Abbigliamento dei 3 eroi: Tommaso sfoggiava degli elegantissimi pantaloncini alla zuava frutto di bottino di guerriglia in Guinea Bissau, canotta della salute e capellino dei barbudos cubani.
Il conte max scarpette da running frutto di peculato, zainetto da 8 litri riempito come fosse da 16, e cappellino delle giovani marmotte.
Shaggy/ale calzava delle pedule da avvicinamento sfondate, pantaloncini con le pezze e un giubbetto in gorotex dono di una sua zia ricca, peraltro incontrata nei pressi del Cauriol.

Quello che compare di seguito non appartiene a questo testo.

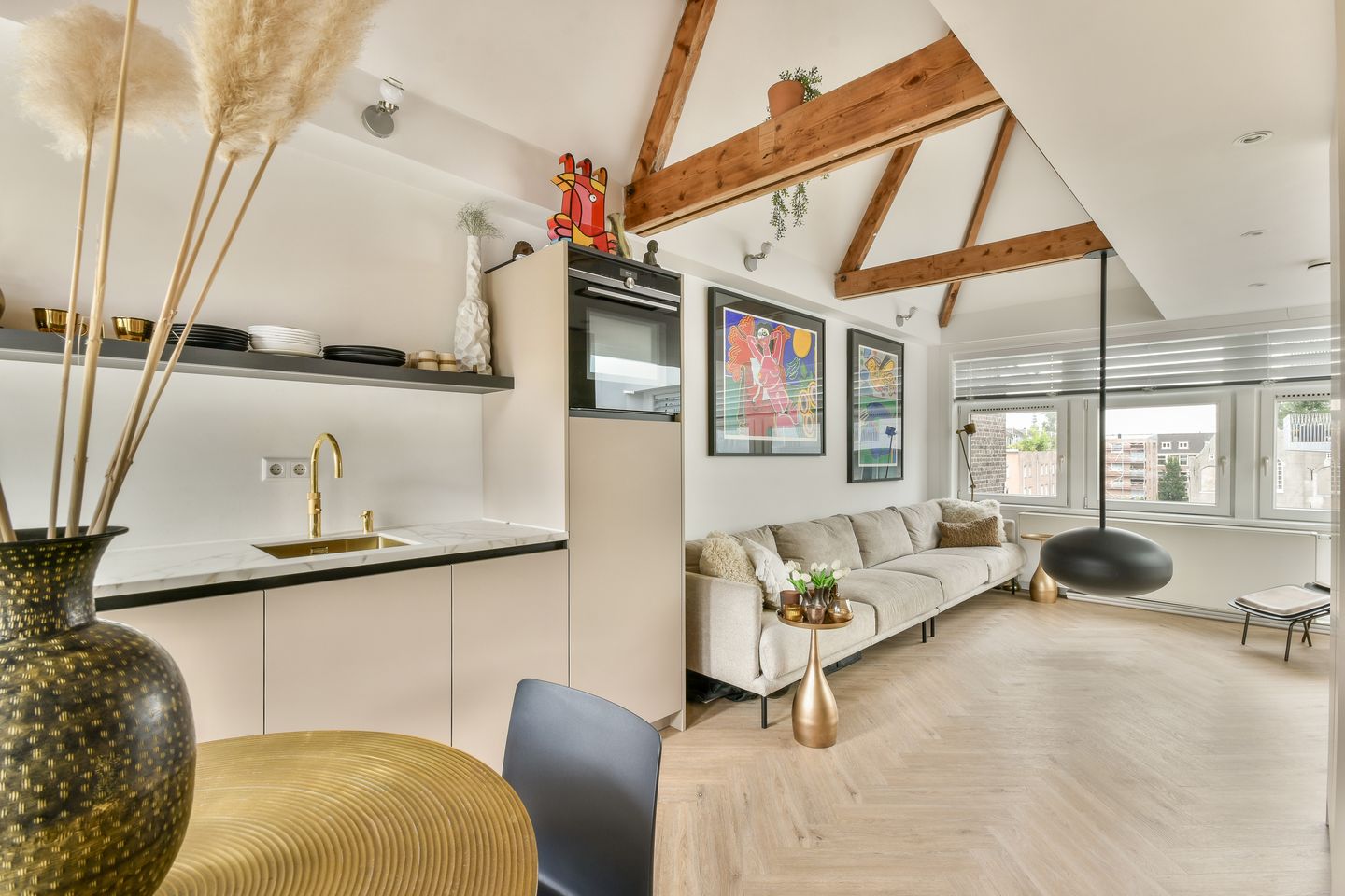De open keuken is nieuw en in luxe uitgevoerd. De kastfronten zijn taupe kleurig. de keukenkasten hebben laden, wat zorgt voor veel bergruimte. Het composieten keukenblad biedt veel werkruimte. Natuurlijk is deze keuken uitgerust met alle moderne inbouwapparatuur, zoals een vaatwasser, een koel/vriescombinatie, een inductiekookplaat van Bora met geïntegreerd afzuigsysteem, een kraan van Quooker en een combimagnetron. Hier is plek voor een eettafel en de grote ramen aan de keukenzijde geven de woning een mooi doorzon effect.
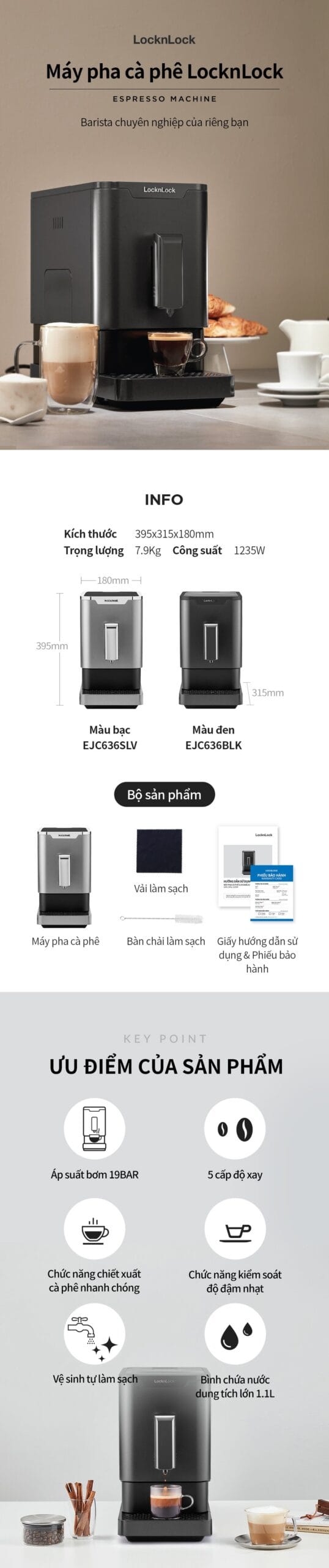 - Thiết kế nhỏ gọn và sang trọng: Với chiều rộng chỉ 180mm, máy EJC636 dễ dàng tìm chỗ đứng trong bất kỳ không gian nào mà không gây cảm giác chật chội. Máy có hai tùy chọn màu sắc là đen và bạc, phù hợp với nhiều sở thích khác nhau, từ cổ điển đến hiện đại.
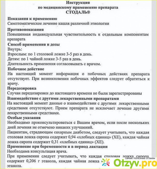 Фармацевт мне посоветовала сироп Стодаль. Сказала что в моём положении этот сироп будет для меня или ребёнка безопасным. Этот сироп даже назначают детям, просто в небольших дозах. Я купила этот сироп, я знакомилась инструкция по применению. Расскажи немного о самом сиропе от кашля Стодаль. Это сироп который имеет приятный карамельный вкус. Наверное поэтому его легко давать детям, ведь он такой вкусный. По инструкции принимать необходимо был вам по 15 мл. Для этого в этом сиропе есть удобный мерный колпачок. В инструкции говорилось, что при беременности нужно было проконсультироваться с врачом. Наверное, я пренебрегла этим советом и на свой страх и риск стала принимать этот сироп. Меня успокаивало то, что у него практически не было противопоказаний. Единственное, что я нашла в инструкции, что с осторожностью его нужно было принимать людям, Которые страдают сахарным диабетом. Потому как вы там сиропе Содержатся некоторые компоненты, которые в больших количествах могут быть опасны для людей с таким заболеванием.
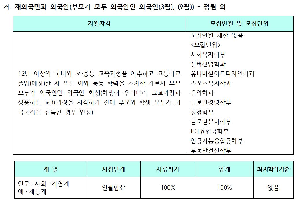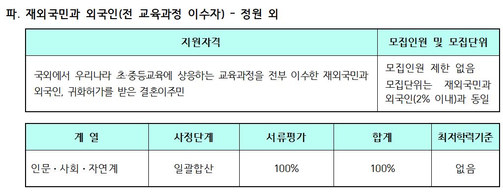 재외국민과 외국인(전 교육과정 이수자) -정원외에서는 모집인원 제한 없이 학생을 모집할 예정이며, 서류평가 100%로 학생을 모집합니다.
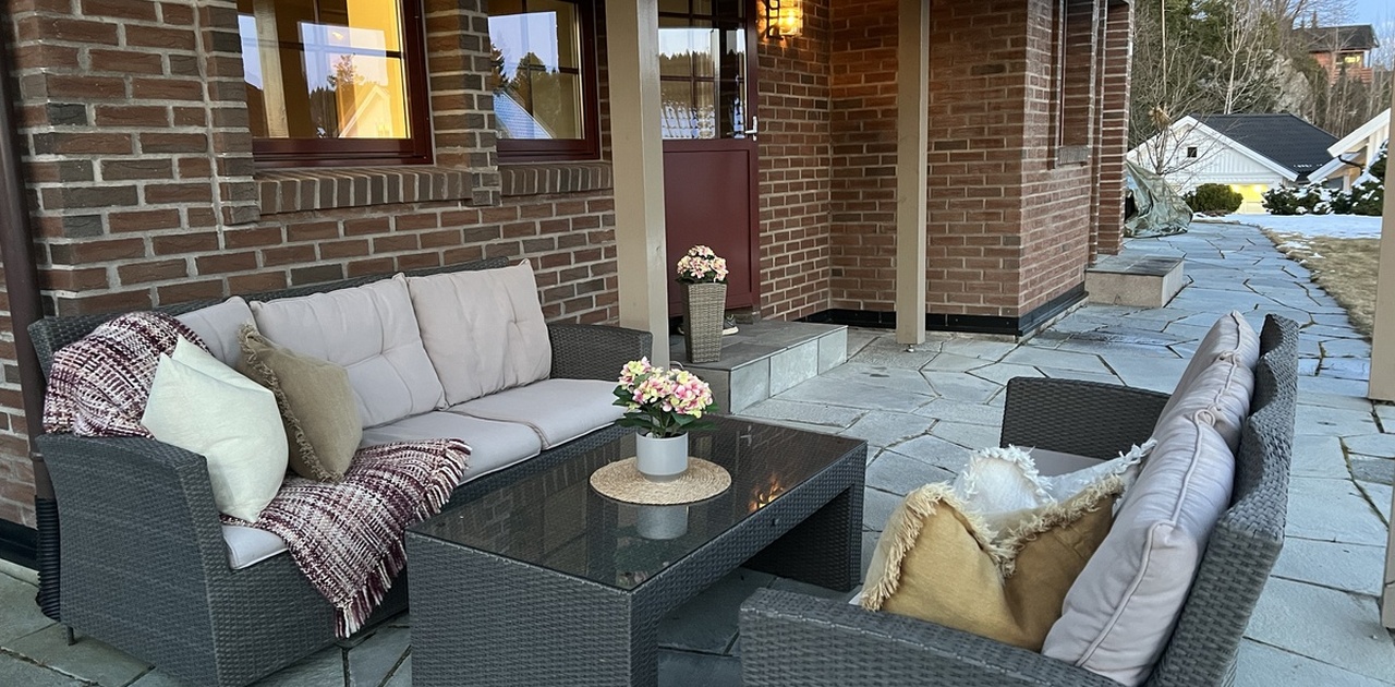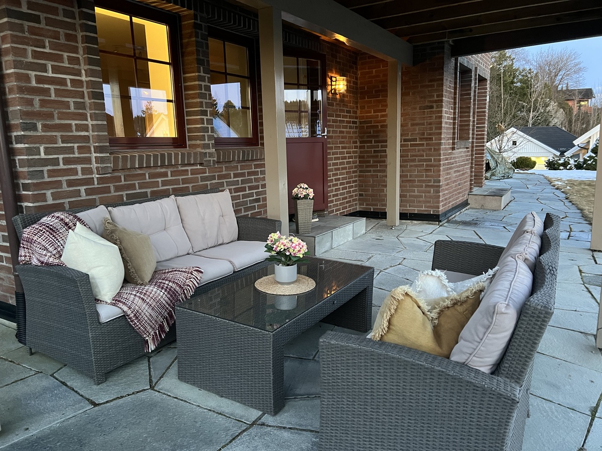 Stor solrik overbygd uteplass med utsikt til koselig grøntareal.

Partenza ore 20.35 dalla Panorotta, sfruttando il fattore campo i nostri scelgono di aggirare basso il Fravort e spuntano in testa all'omonima forcella, conservando il vantaggio fino al Passo del Lago.
Vistisi poi superati, i 3 ingranano un ritmo forsennato di 5 km/h, che comporterebbe la chiusura del giro in 16 ore ma, nella realtà dei fatti, in grado di massacrarli già al Manghenetti.
Si correva a briglia sciolta, ma di sciolta non vi era solo la briglia, Ale infatti accusa la prima durissima (anzi mollissima) crisi, e si rifugia brevemente prima nell'oscurità e quindi nel caldo bivacco Manghenetti occupato da merenderos vicentini intenti a gozzovigliare con vino birra e gatti arrosto.
Bianco come un fantasma si trascina ectoplasmandosi fino al Manghen dove giungono poco prima delle 3.
Max felicemente scopriva una scorta omaggio di carbogel gentilmente donati dai primi ritiri, sostanza dalla quale è dipendente (attualmente è in cura al Sert)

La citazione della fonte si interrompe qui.